Financial restructuring and reinvestment commitments
A significant element of the new agreement involves a restructured financial model for FIA entry fees. Both Formula 1 Management and the eleven teams will collectively contribute increased payments to the governing body through this revised fee structure. The additional revenue stream is earmarked specifically for reinvestment into the governance infrastructure of the championship, with particular emphasis on improving stewarding standards, enhancing marshalling operations, and upgrading other essential services the FIA provides to the series.
This financial commitment responds directly to persistent calls from competitors for greater professionalisation of race control and officiating functions. Teams have increasingly voiced frustration over inconsistent penalty decisions and questioned the expertise level of rotating steward panels throughout the season. The FIA reportedly presented a comprehensive plan outlining necessary improvements to its Formula 1 operations and the associated costs, receiving backing from both Formula 1 Management and the teams for the proposed investment strategy.
Voting thresholds lowered to streamline decision-making
Perhaps the most consequential change involves a recalibration of voting requirements within F1 Commission meetings. Starting in 2026, the threshold for a standard majority decision drops from six team votes to just four out of eleven teams, alongside the votes of Formula 1 Management and the FIA. Meanwhile, achieving a super majority will require six team votes rather than the previous requirement of eight.
This adjustment effectively increases the voting weight held by both the FIA and Formula 1 Management, making it easier to push through regulatory changes even when facing opposition from a significant portion of the grid. The rationale behind this shift centres on creating a more agile governance structure capable of implementing necessary changes without becoming paralysed by minority opposition. Proponents argue the modification will prevent small coalitions of teams from blocking reforms that serve the broader health of the championship, particularly when difficult technical or sporting regulation adjustments become necessary.
Critics may view the reduced thresholds as diminishing team influence over their own competitive environment. However, the structure aims to balance responsiveness with consultation, maintaining team involvement in the decision-making process while preventing gridlock on contentious issues. The framework reflects lessons learned from previous regulatory debates where achieving consensus proved extraordinarily difficult, sometimes delaying important safety or competitive balance initiatives.

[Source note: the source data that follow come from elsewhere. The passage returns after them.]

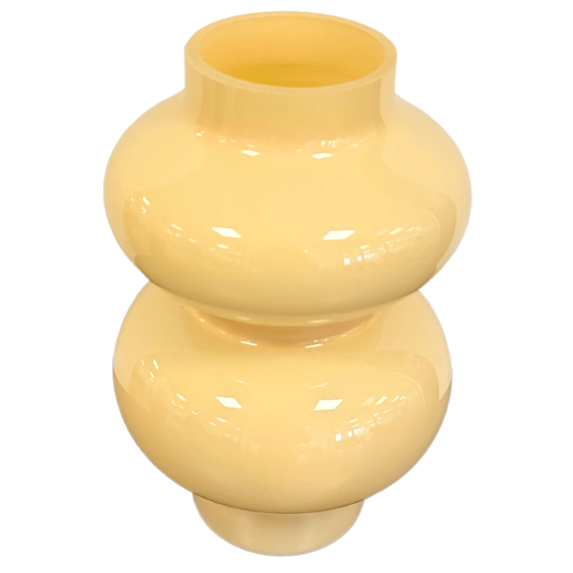 Denne stilfulde glasvase i en smuk gul farve tilføjer et moderne og elegant præg til din boligindretning. Vasen er lavet af farvet glas, hvilket giver den et varmt og indbydende udseende, der passer perfekt til både moderne og klassiske hjem. Med sin skulpturelle form er den ideel som et iøjnefaldende dekorativt stykke alene eller til at fremhæve dine yndlingsblomster.
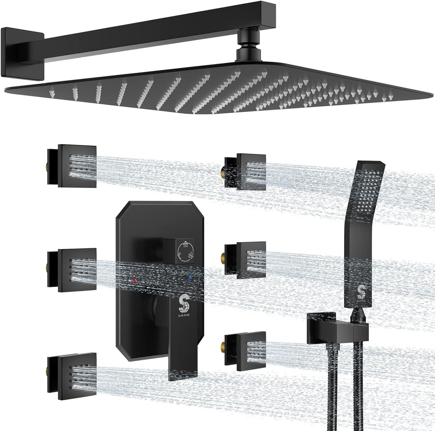 Waist Massage Spray Shower System with 6 Body Jets, 12'' Rain Shower System with Jets and Handheld Shower Faucet Set with Rough-in Valve, Wall Mounted Shower Fixture Set for Bathroom, Brushed Nickel(Matte Black)
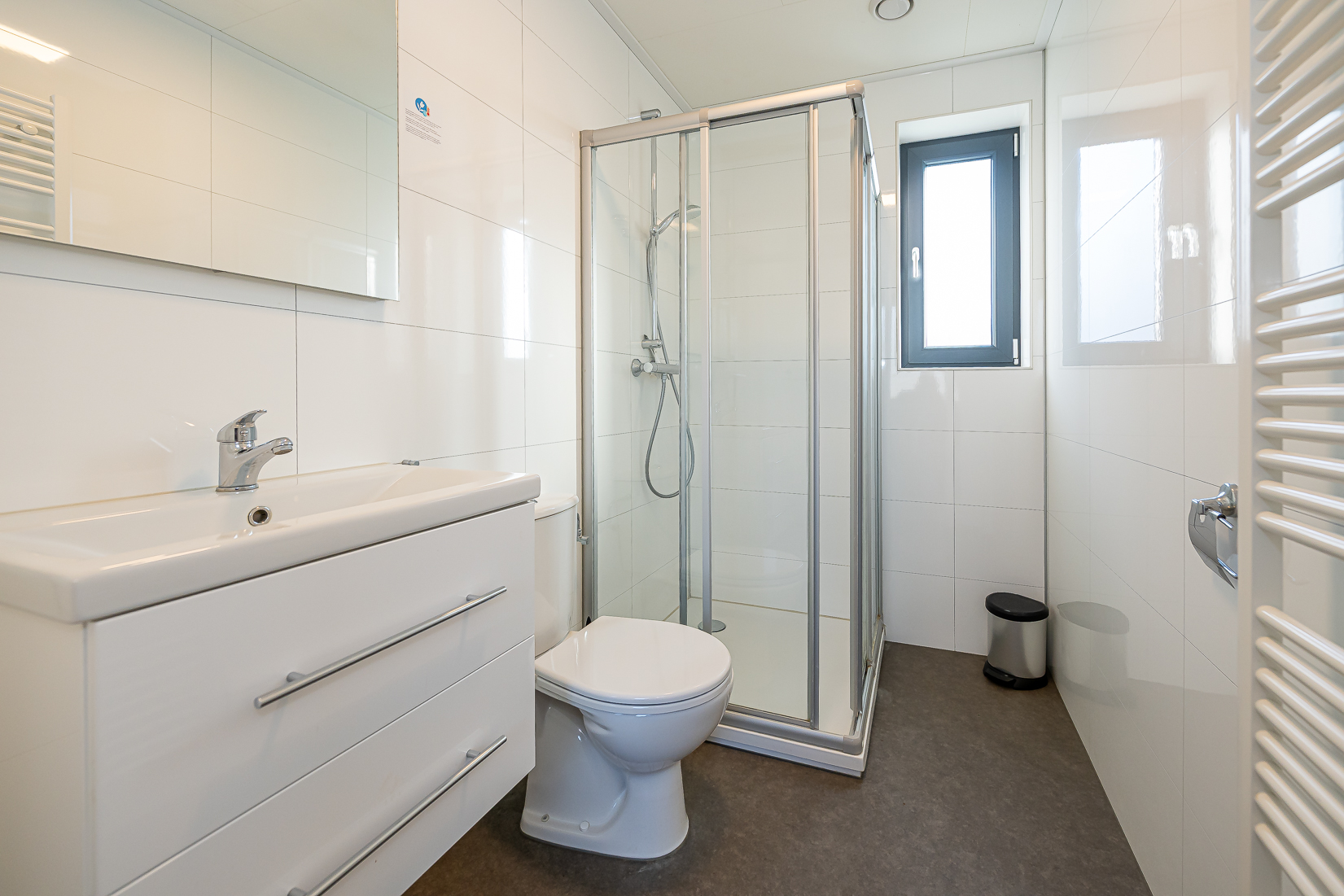 De badkamer is modern uitgevoerd en voorzien van een douche en wastafel, uitgevoerd in een neutrale en tijdloze stijl die past bij het moderne karakter van de woning.
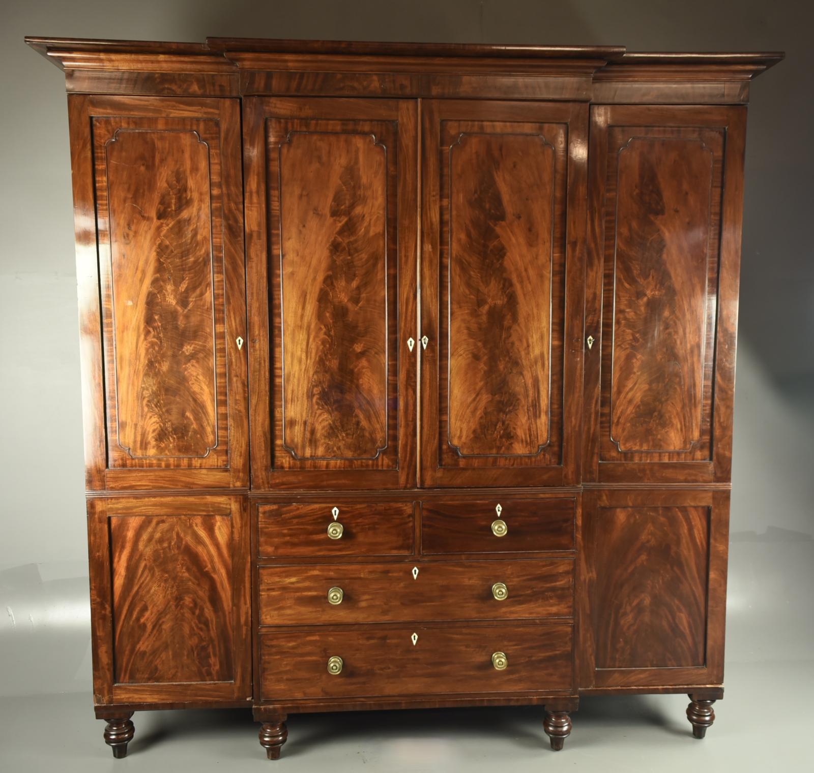 Fine quality Late Georgian mahogany compactum wardrobe that has a fully fitted centre section with slide out trays that can be removed to create additional hanging space below this there are two small over two large oak lined drawers. Flanked either side with lined hanging sections. The wardrobe has a wonderful flame mahogany grain and is a fantastic colour. There are keys for each door and top two drawers.
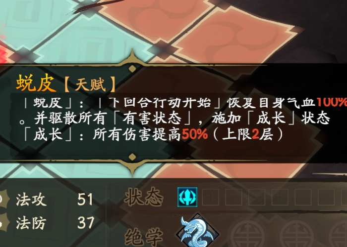 玩家使用的角色是化蛇,它的天赋为蜕皮。当化蛇完成蜕皮后,生命值会恢复至满值,身上的有害状态会被驱散,伤害也会得到提升。玩家需要让化蛇踩到蚀斑,使其获得有害状态,这样就能触发化蛇的蜕皮天赋了。

What this means for Formula 1’s regulatory future
With governance architecture now secured alongside the commercial framework, Formula 1 possesses complete contractual certainty through 2030. This stability arrives at a strategic moment as the sport implements its most significant technical overhaul in years with the 2026 power unit and chassis regulations. The streamlined decision-making process should theoretically allow faster responses to unforeseen consequences of the new rules, whether addressing competitive imbalances or refining technical specifications based on early race data.
The financial commitments toward improving FIA operations could reshape the consistency and professionalism of race weekends. Enhanced stewarding training, potentially more permanent steward positions, and upgraded officiating infrastructure may address persistent complaints about penalty inconsistencies that have sparked controversy throughout recent seasons. Whether the governing body successfully translates these additional resources into tangible improvements will significantly influence how competitors and fans evaluate this governance framework in the years ahead.